When it comes to understanding the school budget, nothing quite beats hands-on experience. Good headteachers trust their colleagues to manage budgets. I was lucky to work under Chris Bridge, a headteacher who gave me total responsibility (and accountability) for spending the erstwhile Technology College budget, some £150,000 p.a. It helped me understand finances and was the best preparation I could have had for the moment when I was responsible (along with the Governing body) for the whole school budget.
Developing great teachers is your priority. As school budgets tighten across the globe in this age of austerity, you have to resist the urge to squeeze every last hour of teaching out of your teachers; rather, you must give your teachers time and space to work on their practice and target the budget to allow that.
We have to stop guessing about what works.

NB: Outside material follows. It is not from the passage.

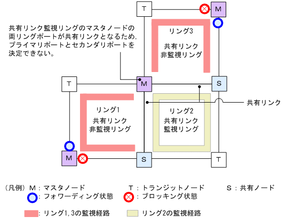 図6-28 マスタノードの両リングポートが共有リンクとなる構成
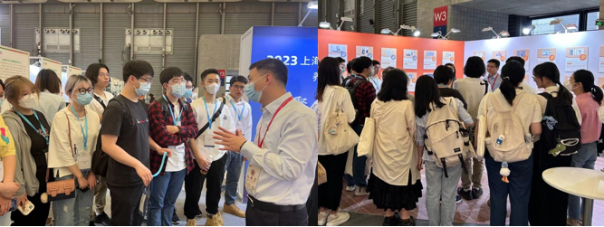 与此同时,管理学院主动出击、提前谋划,对接大学生就业与养老服务行业的人才需求,组织专业大三学生参加了展馆内“才聚申城、筑梦养老”专场招聘会。受上海市养老服务发展中心邀请,专业学生与上海市第一社会福利院院长、上海首位作为重点人才引进落户的养老护理员等领域高端人才进行了面对面交流,行业专家们分享自身多年的从业经验和对行业发展的独到见解,对学生们的职业规划和发展方向提出了宝贵的建议。招聘会上,学生们不仅仔细了解了养老相关企业的人才需求和招聘要求,还主动向企业递出了个人简历,在双选的过程中充分展示专业能力和学习成果,表达了对毕业后加入养老服务行业的热情和期望。

School budgets are getting tighter and tighter; consequently, it is even more important that every penny we have left to spend impacts positively upon improving the quality of teaching and through to student outcomes. So, focus on what the evidence says has the best chance of working.
So, here are my top five tips for early career head teachers for understanding the finances:

  1. Find a course which unpicks the relationship between curriculum planning and budget. There are good ones. Sam Ellis, ASCL’s erstwhile expert of all things budgetary, used to run such a programme. He was superb.
  2. Have a funding expert you meet once a week, and brief your trade union reps regularly on budget issues. A Finance manager needs to tell you warts and all what is happening with the budget. I have told mine I cannot tolerate budget surprises. Simple things like adding 3% for inflation, and calculating moves up the pay spine, all see your costs rise by significant sums annually. Ask your Finance manager to explain all these simple nuances to budget management.
  3. Keep in touch with all the DfE’s budget announcements. You have to work hard at this. It is hugely complicated, especially at the moment. Beware of pay increases which are only funded for one year by a special grant, which you might well have to pick up the tab for in the following year. Right now, at Huntington, we estimate that we might just receive an extra £200,000 p.a. if certain promised funding increases come to fruition, but it looks like our costs will increase by £240,000 p.a. when specific pay and pension grants cease. The DfE seems to ignore the fact that school budgets are impacted by rising costs – all we ever hear about are the so-called increases in funding, not how those increases are reduced in real terms by significant increases in costs. Be vigilant, and always budget for the worst case scenario.
  4. Understand the difference between revenue and capital. In revenue, the impact of a budget-related decision multiplies down the years, whether you are spending or cutting. If you cut staffing next year by 1 FTE teacher, that saves you c.£45,000 next year, and three years on it will have reduced your balance by c.£135,000. The reverse is true if you plan to have one extra teacher next year. Capital comprises one-off payments that do not, usually, have an impact beyond the year in which the spending takes place. Unless you are in a PFI contract
  5. In the end, ensure you have enough to pay the wages. The rest you can get by on, but the wages are the thing. Staffing is your biggest spending commitment. The thing is, if high quality teaching is the key to great student outcomes, then spending money on great staff is a good thing. Without great staff in front of students, aided by a great support staff team, you are going to struggle to provide the high quality education your students deserve. I have always appointed the best teacher on the day when recruiting – even if there was an almost as good cheaper one available.

And if I was allowed a sixth tip, it would be…treat your school’s money as preciously as if it were your own!